> _Exercise instructions_: With pictures left out, output exactly the lines from the line holding "Laphria divisor (Banks), Worn" through the end of the data, both included.
##### Dataset records
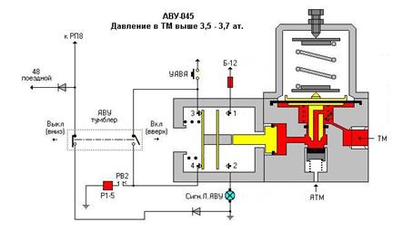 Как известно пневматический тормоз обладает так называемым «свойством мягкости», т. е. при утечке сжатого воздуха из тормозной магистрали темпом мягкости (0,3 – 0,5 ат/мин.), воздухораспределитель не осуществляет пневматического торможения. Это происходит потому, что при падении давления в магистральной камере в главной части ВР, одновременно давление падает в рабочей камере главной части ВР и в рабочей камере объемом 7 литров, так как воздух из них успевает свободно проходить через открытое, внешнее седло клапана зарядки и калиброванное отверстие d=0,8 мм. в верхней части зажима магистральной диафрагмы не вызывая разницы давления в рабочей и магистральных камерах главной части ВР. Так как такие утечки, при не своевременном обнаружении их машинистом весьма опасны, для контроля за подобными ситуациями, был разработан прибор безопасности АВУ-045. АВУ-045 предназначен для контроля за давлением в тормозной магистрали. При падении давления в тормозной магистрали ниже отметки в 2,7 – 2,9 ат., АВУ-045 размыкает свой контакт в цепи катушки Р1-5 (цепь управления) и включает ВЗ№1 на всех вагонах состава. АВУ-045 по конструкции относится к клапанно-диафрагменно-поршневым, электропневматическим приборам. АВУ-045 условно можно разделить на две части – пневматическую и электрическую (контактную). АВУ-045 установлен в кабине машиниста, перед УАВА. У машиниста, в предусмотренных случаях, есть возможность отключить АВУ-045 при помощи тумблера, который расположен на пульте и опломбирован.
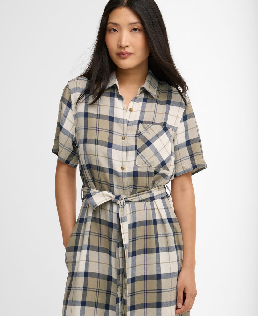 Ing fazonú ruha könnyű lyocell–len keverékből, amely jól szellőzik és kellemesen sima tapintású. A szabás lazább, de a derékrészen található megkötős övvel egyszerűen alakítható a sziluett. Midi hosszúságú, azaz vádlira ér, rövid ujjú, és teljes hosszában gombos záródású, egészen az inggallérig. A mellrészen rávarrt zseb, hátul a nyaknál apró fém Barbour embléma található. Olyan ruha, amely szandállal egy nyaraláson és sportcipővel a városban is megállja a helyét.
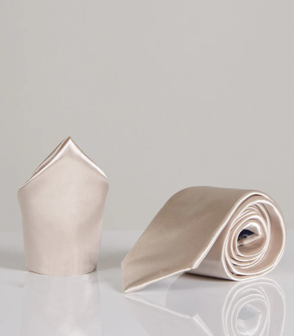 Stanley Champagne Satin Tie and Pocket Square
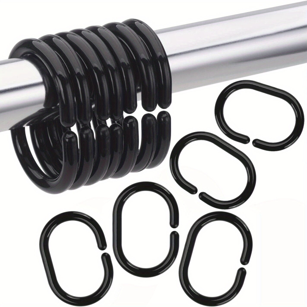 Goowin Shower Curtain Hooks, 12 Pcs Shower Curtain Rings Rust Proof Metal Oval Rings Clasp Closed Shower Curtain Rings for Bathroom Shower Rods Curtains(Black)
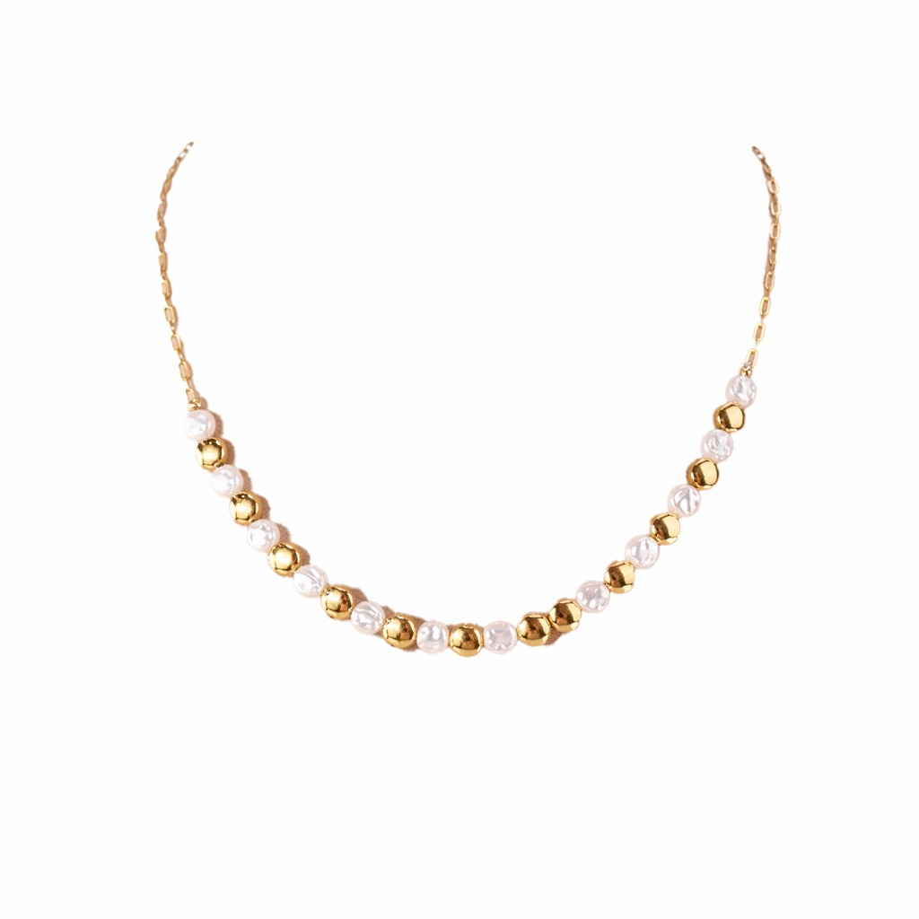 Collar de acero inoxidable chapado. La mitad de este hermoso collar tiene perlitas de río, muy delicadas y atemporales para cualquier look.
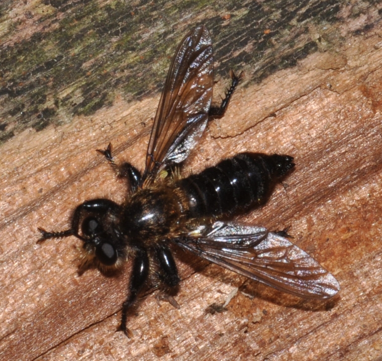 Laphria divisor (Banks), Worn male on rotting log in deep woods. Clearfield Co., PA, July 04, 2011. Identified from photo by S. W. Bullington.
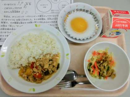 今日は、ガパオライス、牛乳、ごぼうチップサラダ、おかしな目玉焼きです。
##########
> _Result_:
 Laphria divisor (Banks), Worn male on rotting log in deep woods. Clearfield Co., PA, July 04, 2011. Identified from photo by S. W. Bullington.
 今日は、ガパオライス、牛乳、ごぼうチップサラダ、おかしな目玉焼きです。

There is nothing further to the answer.